I know I must be coming across as incredibly negative today, but I don't think about the last ten years in a negative light. I've always just accepted my life for what it is, and tried to make the best of every day. Sure, there have been plenty of awful days, but there have been plenty of positives, too. The journey has taught me so much. I've learnt so much about life, and about myself as I've navigated this unconventional life with chronic illness. I've learnt what I'm capable of, how strong I can be, and just how much I can endure when pushed beyond my limits. I've learnt to appreciate the little things in life, and make the best of every day, with what I have. I no longer take life for granted, like I used to. I know how quickly everything can change and be taken away from you. I'm grateful for everything this experience has taught me, as I wouldn't be the person I am now if I hadn't gone through it all.

I don't know where the future will take me- and I don't really like to think about it, as thinking about the future with chronic illness scares me- but wherever the next ten years lead me, I know I'll get through it. If the last ten years has taught me anything, it's that I'm stronger than I give myself credit for, and if I can get through all that I have, I can get through anything. 

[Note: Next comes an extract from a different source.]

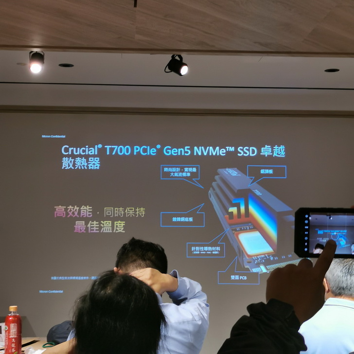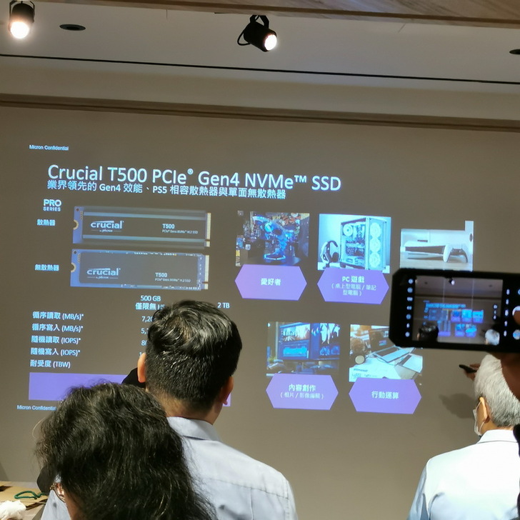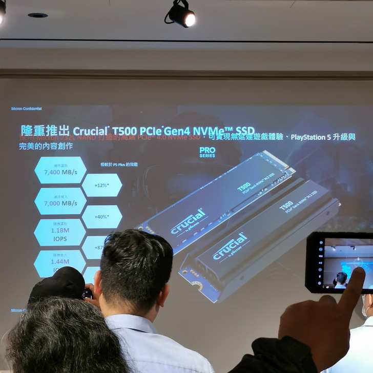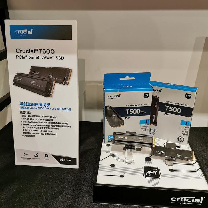 ▼ 一般人最能接受的 Crucial T500 1TB PCIe Gen4 NVMe M.2 SSD,現場同樣也是展示出有散熱器跟無散熱器版本。

Even though I'm being reflective and letting my feelings out here today, I don't want to focus on the negatives today, nor remember what I've lost or what I've been missing out on. (I wrote this post a few days early to process my feelings ahead of time). I'll of course be acknowledging what this day means and will be giving the last decade some head space, but I'm hoping to make today a positive one so this date isn't just 'The Day My Back Pain Began' or 'The Day My Life Changed Forever.' I'm currently in one of my favourite places enjoying a week's holiday, so I'm hoping to make some nice memories today to cancel out the bad ones. I want today to be a good one. I don't know where the day will take me, but I'm hoping I'll be well enough to take a short day trip or at least go for a walk on the beach. I'm going to eat some good food, breathe in the sea air, let the sea breeze carry away the stress, and relax to the sound of the seagulls. It's going to be a better day than this day was ten years ago, I'll make sure of it. I've not come this far and gone through what I have to let one bad day a decade ago spoil another day of my life.

Life is far too short for that.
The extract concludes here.